The trail follows towering formations of quartzite where shade deepens its rosy layers. Mist from Pipestone Creek's tumbling Winnewissa Falls can offer a cool reprieve. Another trail heads past 56 hand-dug quarry pits. They're rimmed with piles of quartzite stones, painstakingly excavated.

"It's even hotter down here," says Mark Pederson as he grabs a rope and carefully descends into a quarry his family has been excavating for 50 years. He hammers metal wedges into cracks and shows a sample of pipestone, which stands out as a red vein compressed beneath 15 feet of mauve quartzite with a hint of purple. He then breaks those pieces into small enough chunks to haul up in a bucket.

Anyone enrolled in one of the country's more than 500 tribal nations can apply for a quarry permit, but it may take years of waiting. It may take several more years of vacation time and the help of several people to hammer, chisel and dig their way to the pipestone. A few short-term quarries do allow people to spend a day, a week or month working in a quarry without needing a yearlong permit for what can become a sort of pilgrimage.
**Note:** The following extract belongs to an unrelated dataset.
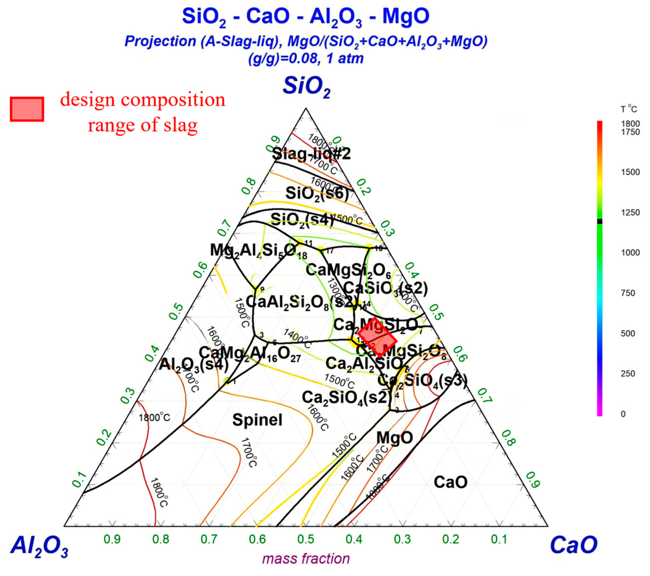 Figure 3. CaO-Al2O3-SiO2-MgO pseudo-ternary phase diagram.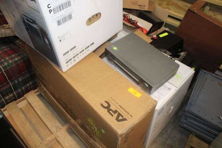 LOT 116 - PALLET OF VARIOUS ELECTRONICS / 32" TV, LCD PRINTERS, SPEAKERS & MORE

The Pedersons, both in their mid-60s, can't imagine another vocation as meaningful as being the fourth generation of their family to quarry and carve at Pipestone, and to help visitors understand this sacred stone beneath the prairie.

"It is our life," says Cindy Pederson. "This is what we were born to do."

Lisa Meyers McClintick (instagram.com/minnelisa), author of "Day Trips From the Twin Cities," is based in St. Cloud and has written for the Star Tribune since 2001.

What to do in Pipestone, Minn.

In Pipestone National Monument's neighboring town of Pipestone (pop. 4, 215) — about three hours west of the Twin Cities — you can find more gifts and Indigenous artwork at Prairie Maiden Treasures on Main Street or at Keepers of the Sacred Tradition of Pipemakers, which has a giant pipe on its lawn along Hiawatha Avenue.

Dig into more local history at the Pipestone County Museum or take a walking tour of the Downtown Historic District, built in the late 1880s in Romanesque and Italianate styles using the area's rosy quartzite. Faces or gargoyles can be seen tucked into the stonework.

The Pipestone Family Aquatic Center has a sizable outdoor pool, including a 126-foot flume water slide, for cooling off on hot afternoons.

Where to eat: Grab a salad, chislic (a regional dish of fried cubed beef), sandwiches or steak and dine on the patio at downtown's Stonehouse and Quarry Lounge.

Where to sleep: Besides a few hotels, campers can find full-service sites and an outdoor pool at Pipestone Family Campground or reserve a spot at Split Rock Creek State Park eight miles south of Pipestone.